USC Museum Unravels Sto. Niño
Photo by Jobers Reynes Bersales
The University of San Carlos (USC) Museum, together with the National Archives of the Philippines (NAP), held a lecture on July 13, 2017, at the DHM Function Hall located at the Downtown Campus. Guest lecturer Dr. Christina Lee, research scholar at Princeton University, discussed about the origin and theories behind the image of Sto. Niño de Cebu.
In attendance were different museum curators of Cebu, head librarians from various areas in Luzon and the Visayas, university president Fr. Dionisio Miranda, faculty and students from the Department of Anthropology and Sociology, and Augustinian priests from the Basilica Minore del Sto. Niño.
This event was held to celebrate the museum’s 50th anniversary. USC Museum Assistant Curator Ms. Regine Yoma said the event was done to deepen the knowledge of our culture, heritage, and origin.
The USC Museum Head Curator and the foremost editor-in-chief of Today’s Carolinian, Dr. Jose Eleazar Bersales, gave welcoming remarks to the audience. He emphasized that this lecture was important, for the topic was deeply rooted in our identity.
“This lecture is close to our hearts, as Catholics and devotees to the Holy Child,” he stated.
The Executive Director of the National Archives of the Philippines, Mr. Victorino Manalo, introduced Dr. Lee as she started on with the lecture.
She began by stating the influence of our colonizers and how it made Christianity as the main religion dominating the country, evident on the fiestas that hundreds of people celebrate.

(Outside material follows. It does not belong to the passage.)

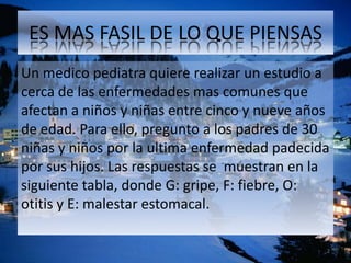 El documento describe un estudio sobre las enfermedades más comunes en niños entre 5 y 9 años. Se recolectaron datos de 30 niños sobre su última enfermedad (gripe, fiebre, otitis o malestar estomacal). Se construyó una tabla de frecuencias con 4 intervalos correspondientes a cada enfermedad y sus respectivas frecuencias. La enfermedad más frecuente fue la gripe con 11 casos.
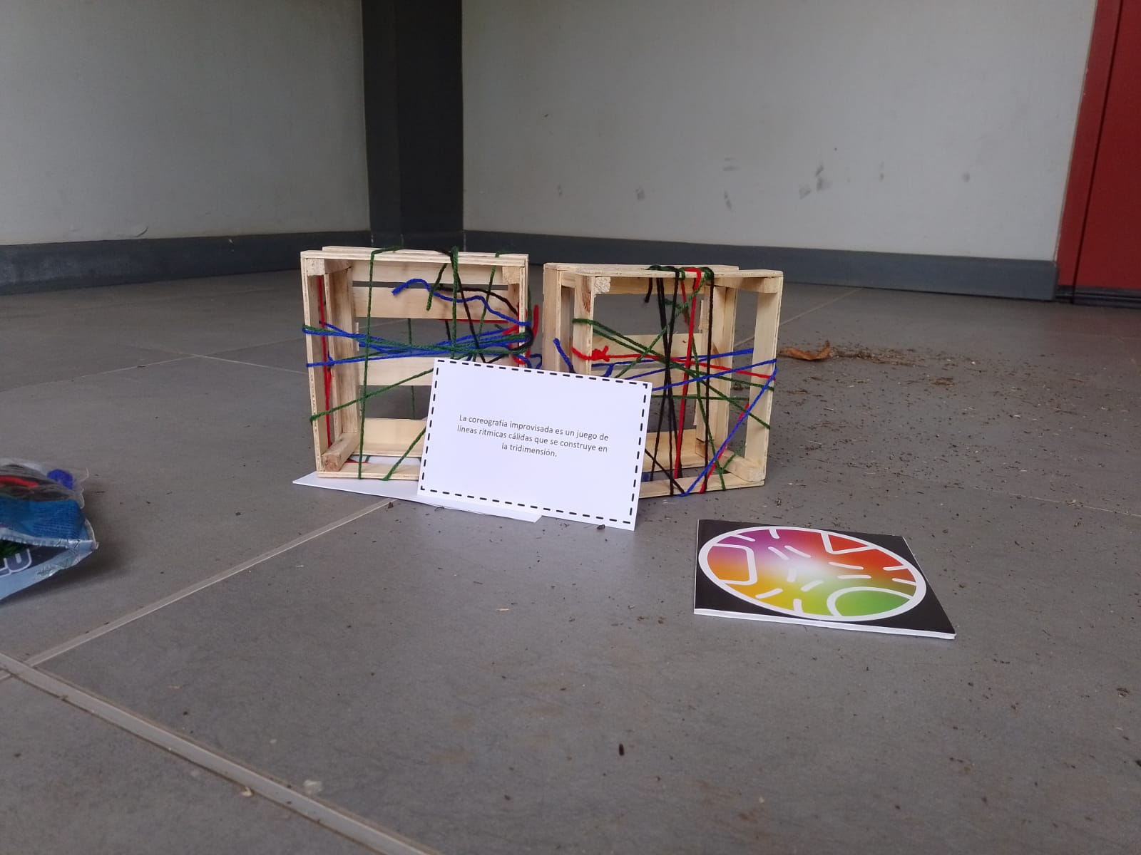 Objetivo del juego: Antes de iniciar el juego se otorgó a los participantes una consiga o acertijo que debían descifrar para comprender que debían hacer, esta consigna se pensó a partir de dos conceptos básicos pertenecientes a dos disciplinas, la coreografía improvisada de danza y las líneas rítmicas cálidas de arte y comunicación visual. Lo anterior se pensó para trabajar grupos interdisciplinarios donde uno o dos comprendieran a que se referían los conceptos, descifrar el acertijo e intercambiar roles para salir de la zona de confort, por ejemplo, que una estudiante de arte y comunicación visual realizara la coreografía improvisada mientras que una estudiante de danza jugaba con los hilos y el cubo.

“The Spaniards wanted to colonize the locals, and so they used faith as a tool for colonization. Catholicism shaped the way for the Philippines to be a western colony, ruled by the Spaniards.”
Due to this movement, the legend of the image of Sto. Niño began. She narrated the legend as what was foretold by our grandparents and predecessors.
“The story was that Magellan brought the image from Spain and gave it as a gift to Rajah Humabon and his wife, when they reached Cebu. When Legazpi conquered Cebu, the image was found under a wooden floor, unscathed and intact. They, then, created a procession for the Holy Child. At least, that’s what the legend goes,” Lee stated.
She implied that archives done by westerners in 1565 implied that Miguel Lopez de Legazpi finding the image again is a predestined implication that the Philippines will be a Catholic country.
“Due to de Legazpi finding the image, some letters written by westerners, such as Spain, implied that the Philippines is predestined to be a Catholic country. Legazpi used this knowledge and made faith, itself, as the main tool in colonizing Cebu and the Philippines.”
She discussed of the contradicting assumptions that the text offers, that Magellan’s story contradicts with claims from commoners of 1565. A testimony of Esteban Rodriguez in 1565 says so. It stated of a fisherman finding driftwood, and it slowly formed into the image.
Lee further speculated this by saying, “Magellan brought with him the Holy Child, the lady of Guadalupe, and a crucifix. This was given to the king of Cebu and his wife. But Rodriguez’s testimony proves that the image was already in Cebu, even before the Spaniards came. So where did the image really come from?”
Several disputes were discussed for the letters made by Westerners contradicts the Eastern testimonies and accounts, implying that the Westerners used faith to fully brainwash the locals from their ancestry. Such account was that of a Viceroy of Spain, telling the King to use another way of colonizing the wild locals.
“In one of the viceroy’s letters, he described the Cebuanos as wild and savage people. He asks of using force and harsh punishments to the locals. That’s when Legazpi found the image and device to use it to conquer in a subtler way — divide and conquer” Lee further discussed.
Nearing her conclusion, she stated that within all these speculations, the fact that the image created the identity of the people is astounding. The practices of Cebuanos have remained intact throughout the centuries.
“This just came from a group of Spaniards, trying to conquer using faith. And yet through this image, the Cebuanos have been known as religious for having millions of devotees to the Sto. Niño,” she concluded.
Afterwards, there was an open forum to clarify all queries about the talk, ranging from the signs of dancing of the pasinulog to the practices of devotees bathing the image in water for rain.
After lunch, the audience left for the southern Cebu town of Boljoon for their next stop, which is a tour on local museums and churches.